28 November 2016

BEST CONTEMPORARY MUSIC RECORDING OF 2016: Jeffrey Roden — THEADS OF A PRAYER, volume one (Solaire Records SOL1003-2)

BEST CONTEMPORARY MUSIC RECORDING OF 2016: Jeffrey Roden - THREADS OF A PRAYER, volume one (Solaire Records SOL1003-2)JEFFREY RODEN: threads of a prayer, volume oneSandro Ivo Bartoli, piano; Bennewitz Quartet; Szymon Marciniak, double bass; Wolfgang Fischer, timpani; Johannes Kronfeld, trombone [Recorded in Reitstadel, Neumarkt in der Oberpfalz, Germany, 20 – 22 May 2016; Solaire Records SOL1003-2; 2 CDs, 140:50; Available from Solaire Records and major music retailers]

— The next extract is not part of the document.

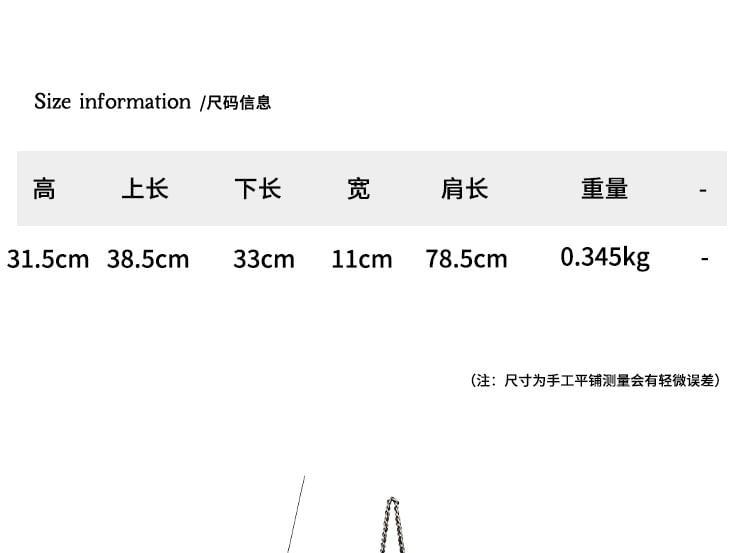 | Height | Upper Length | Bottom Length | Width | Strap Length |

Casting aside semantics and etymology, how does one really define music? It seems obvious enough: combinations of melody and harmony manipulated in specific ways produce music. What, though, does this truly mean? Patterns of notes, rests, dynamics, tempi, and key signatures make music of arbitrary lines and scribblings on a page, of course, but what makes music significant in an artistic sense is the way in which sounds transcend the mechanics of physics to become audible emotions. To hear sound is one of the most basic functions of being human, but to hear emotions is an essential tenet of humanity, one not possessed by all members of the species. Hearing threads of a prayer – volume one, Solaire Records’ new release dedicated to music by American composer Jeffrey Roden [volume two will be forthcoming in 2017], adds dimensions to the meaning of music in the simplest but most profound ways, asking each listener not to observe and react but to participate, to discern within his own experience the origins of each note, the places in the psyche from which the notes are ripped, still pulsating with life. This is music that speaks not in individual chords, bars, or phrases but in extended paragraphs, in great swaths of thought that seem neither to begin nor to end, and it cannot be played or discussed in conventional ways. As acknowledged in Tobias Fischer’s wondrously literate liner notes [his essay in lieu of a dates-and-facts biography of the composer is fantastic] and by Dirk Fischer’s immaculately-engineered acoustics, this is also music that must not be presented to the listener with the modern recording industry’s slick, assembly-line indifference. Like Mahler’s ‘Resurrection’ Symphony and Schönberg’s Verklärte Nacht, the works on this first volume of threads of a prayer redefine music with insights as illuminating but ungraspable as sunlight. Like the touch of the summer sun upon one’s face, Roden’s music is as much felt as heard.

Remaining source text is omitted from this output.